駅前に集合して、クラスで打ち上げをやりました。
なんとかっていう、小さなホテルの一室を借りて、飲めや歌えやの大騒ぎ。
5時から8時までというたった三時間の出来事だったけど、あれが永遠に思えるような素敵な時間でした。
学校の友達とホテルにいると、なんだか修学旅行に来たみたいで、みんな心の底から楽しんでいる様子でした。
いつもみたいに馬鹿騒ぎして、行く途中に買った25枚撮りの使い捨てカメラも足りないくらいで。
本当に楽しかった。

夢の様な三時間も、あっという間に終わりを告げ、みんながそれぞれに帰っていきます。
特にお別れの挨拶もなく、ただいつものように帰りました。
ちゃんとお別れを言っておけばよかった。
そう思いましたけど、たぶん言えなかったんでしょう。
明日から、みんなそれぞれが別々の道を歩き始めます。
振り向けば今までの日々があり、手を伸ばせばまだ届きそうなんだけど、決してもう届かない高校生活。

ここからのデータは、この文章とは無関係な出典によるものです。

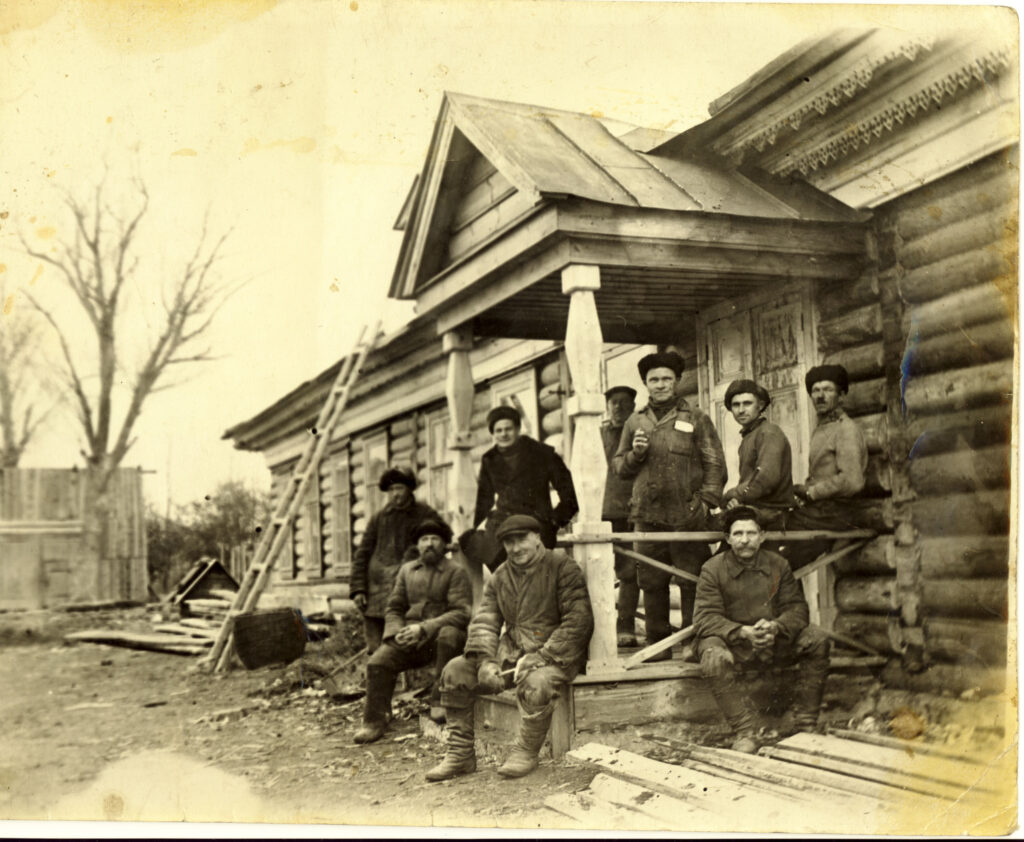 Фото. А. В. Соколов – директор школы слепых в Торжке среди строителей у здания производственных мастерских. Торжок, 1939 г. © ВИЭМ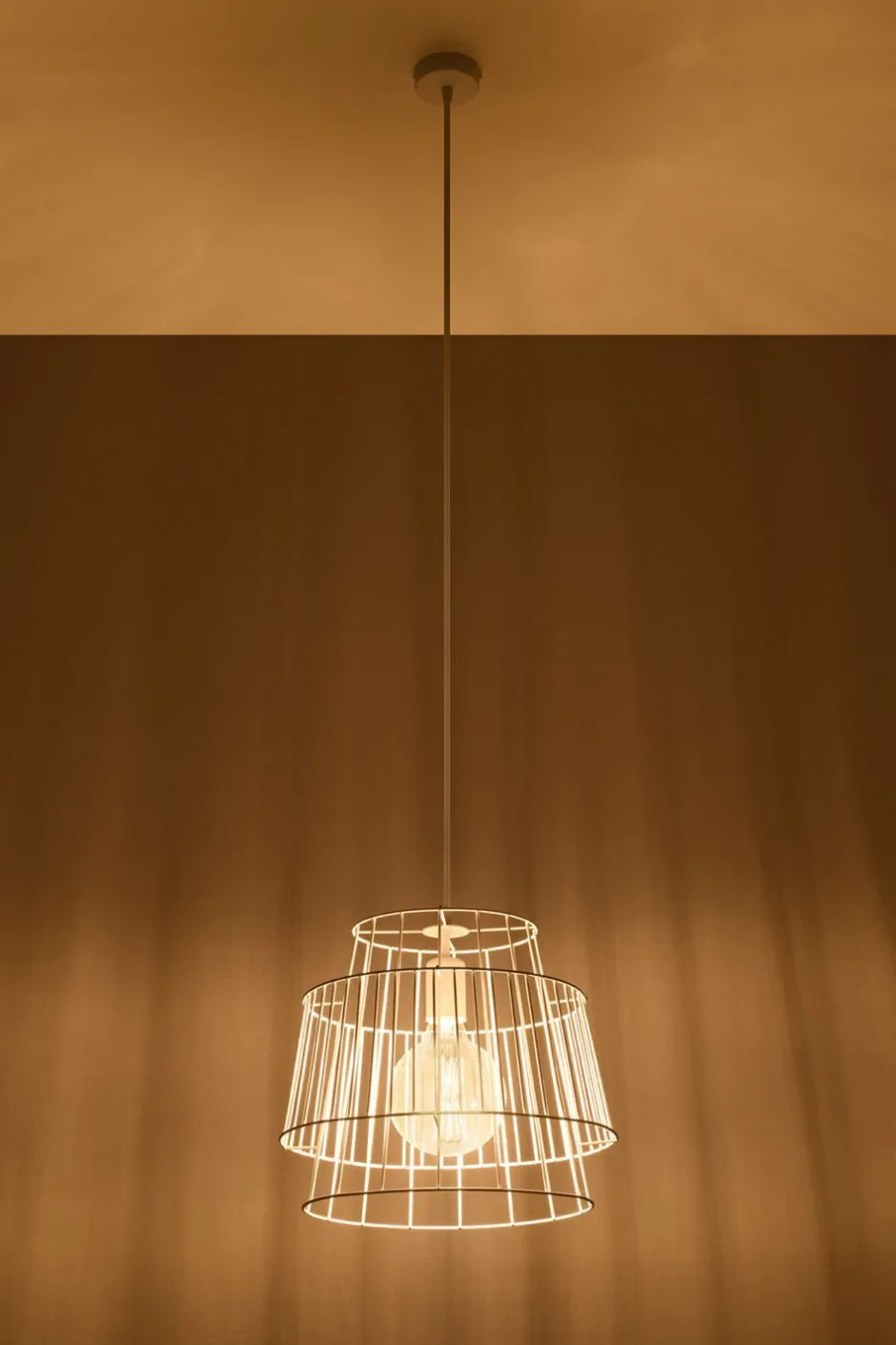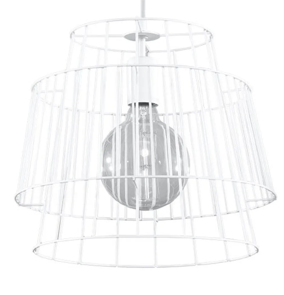 Der käfigartige Lampenschirm setzt das frei sichtbare Leuchtmittel besonders in Szene

まだ、色鮮やかで、鮮やか過ぎるから過去のことだと思えないような思い出。
もう3年9組の教室にも、誰もいなくなります。
誰も、もうあの教室に、学校に、生活に帰れないことは口に出しませんでした。
みんな、これで本当にお別れなんだって解ってるんだけど、気付かないフリをしているような、そんな感じでした。
帰り道、Kがこれで終わりなんて本当に寂しいと言っていました。
きっとまた会えるし、俺も受験が終わったら連絡するよ、と約束しました。
自分はクラスの幹事なので、近いうちに同窓会を企画しようと思っています。
きっと友情って距離を越えるもんなんですよね。


だから、地下鉄のドアが閉まる前、友達に「じゃあね」と言って別れました。
まるで、明日また会えるみたいに。